Evet girişimizden de anlayacağınız üzere bugün ki köşemize peşin hükümlü olmayı (önyargı) taşıdım. Dilerseniz önce önyargının kelime anlamına bakalım. Önyargı; Bir durum ya da kişinin aleyhine bazen ise lehine olacak şekilde oluşmuş bir kanaati ifade eder. Genelde negatif bir tutum olarak belirtilir.
Ve ne yazıktır ki halk arasında öylesine yaygın ki, on kişiden en kötü 8’inde görülür. Önyargıların altında toplumsal tabular yatar. Bölgelere, kentlere, hatta ülkelere göre değişiklik gösterir. Kimi toplumlarda ağır yargılamalar, büyük sonuçlar doğurur etkisi uzun sürelidir, kimisinde ise sadece dost sohbetlerinde ele alınır orada konuşulur ve kapanır gider.
İnsanlar önyargıları sosyalleşme içinde öğrenir. Sosyalleşme ise ilk ailede başlar. Aile yapımızdaki insanların bakış açısı bizim topluma bakış açımızı etkiler ister istemez. “Aykırılıklar” önyargının en büyük besin kaynağıdır. Aykırılık diyorum da kime göre neye göre orası da tartışılır.
İnsanlar çoğu zaman dış görünüşe göre karar verirler, bu bir nevi kişinin tercihlerine saygısızlıktır.
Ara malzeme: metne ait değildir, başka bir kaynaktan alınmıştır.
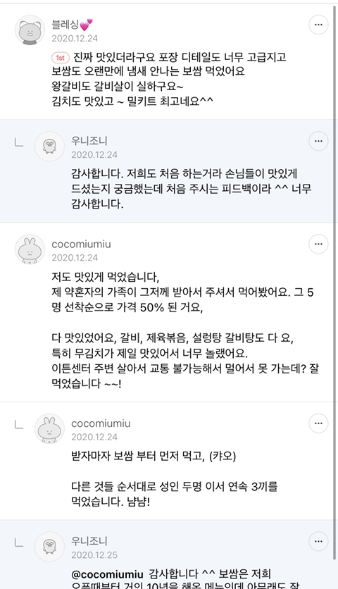 답댓글 작성자우니조니 작성자 본인 여부 작성자 작성시간 20.12.29 감사합니다 ㅎㅎ 맛있게 드셨다니 저희도 너무 기분이 좋네요. 이렇게 함든시기 도와주셔서 감사해요. 손님들의 귀중한 댓글 리뷰들이 큰 힘이 됩니다 😌

Uzun saç, küpe , erkeklerde bir dönem aykırılıktı. İpsiz sapsız insanların işi gibi algılanır böyle insanlara temkinli yaklaşılırdı. Zaman ilerledikçe, alışkanlıklar değiştikçe bu yargı kırıldı ve profesörlerin bile kulağında küpe görmeye başladık. İpsiz sapsız diye nitelendirdiğimiz o küpeli, uzun saçlı insanlar, bilim adamı, doktor ,avukat oldu .Yani sözün özü küpesiyle, saçıyla yargıladıklarımız, yeri geldi bizi aklıyla dövdü.
Öylesine yer etmiş ki hayatımızda önyargı , örneğin bir lokantaya gittiğimizde önümüze gelen yemeğin tadına bakmadan tuz atmamız buna sadece küçücük bir örnek .Gerçi bu küçük dediğim davranış bazen olmadık zaman ve yerlerde büyük sonuçlar doğurabiliyor .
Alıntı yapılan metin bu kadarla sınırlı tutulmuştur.